It has been nearly two months since the Department of Justice and Federal Trade Commission published their new merger guidelines and practitioners have been poring over the details ever since.

In essence, antitrust reviews are now tied to a broader definition of competitive harm, with the merger guidelines updated to “…reflect modern market realities, advances in economics and law, and the lived experiences of a diverse array of market participants.” As a consequence of these new guidelines, the DOJ and FTC are now expected to pursue theories of competitive harm that historically have been outside the scope of antitrust reviews. This will likely complicate how companies communicate about mergers – particularly when it comes to the impact on workers.

In the past, the antitrust agencies applied the “consumer welfare standard” when assessing if a transaction was anticompetitive; if consumers were not harmed by the corporate combination, then the merger was permitted, and conditions were not imposed on the transaction. The purpose of this article is not to argue whether the consumer welfare standard is the right approach to antitrust enforcement, but to highlight the range of new communication issues and heightened risks the broadened scope of enforcement creates for the merging parties.

The analytical framework provided by the agencies takes the form of 11 guidelines “to assist the Agencies in assessing whether a merger presents sufficient risk to warrant an enforcement action.” Some of these guidelines are untested and present a stark departure from precedent.

Every transaction has its own set of facts although there is always some level of subjectivity. With the departure from the consumer welfare standard, disagreements among antitrust enforcers and the merging parties are likely to grow. There are already conflicting interpretations about one of the guidelines that will likely be subject to future battles.

The focus is on “Guideline 10: When a Merger Involves Competing Buyers, the Agencies Examine Whether It May Substantially Lessen Competition for Workers, Creators, Suppliers, or Other Providers.” The guideline states antitrust enforcers are now assessing the competitive harm that may occur if “workers face a risk that the merger may substantially lessen competition for their labor."

Increased purchasing power and labor efficiencies have long been part of the cost synergies touted by the merging parties and cheered by investors. With the inclusion of labor in the competitive analysis rubric, that narrative has been upended. From a communications perspective, developing a narrative that highlights the benefits of cost synergies while not running afoul of the reviewing agency will require a nuanced communications plan and a deeper level of employee engagement.

The new guidelines don’t indicate what techniques antitrust enforcers will employ to investigate competitive effects on labor markets. Will the agencies conduct employee surveys and interviews to better understand the power dynamics in the labor market of the merger? If so, how will companies prepare their employees, protect themselves and help guarantee the success of the transaction? Will labor activists, disgruntled employees or anyone else with an agenda have new sway with government officials who hold the power to approve or oppose a transaction?

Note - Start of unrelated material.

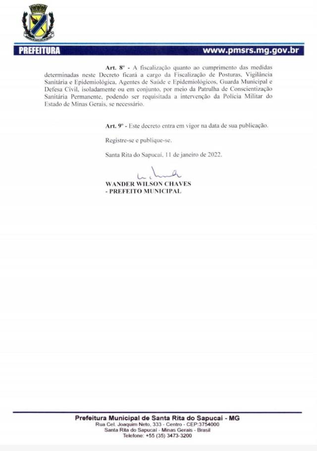 Boletim Epidemiológico de Santa Rita do Sapucaí, 04 de Janeiro de 2022

While the answers are still unknown, what’s clear is that antitrust enforcement has changed. As a result, companies need to rethink their communications plans for transactions, adjusting for increased scrutiny and novel theories of competitive harm. In preparation for this new antitrust approach companies should:

  1. Conduct a vulnerability assessment with the 2023 guidelines in mind to determine how a contemplated transaction would be positioned. 
  2. Craft a narrative that conveys the merits of the transaction while mitigating antitrust risk. In this new era, that may mean paying far more attention to the impact on workers. 
  3. Create a comprehensive communications plan tailored to each stakeholder group to address their concerns while keeping overall deal messaging consistent.

Developing a comprehensive and defensible merger communications narrative must start very early in the process and be supported by proof points. The DOJ and FTC are attuned to talking points generated solely for their benefit. Incongruous narratives will crumble under scrutiny, therefore deal rationale must be thoughtful, detailed and thoroughly vetted.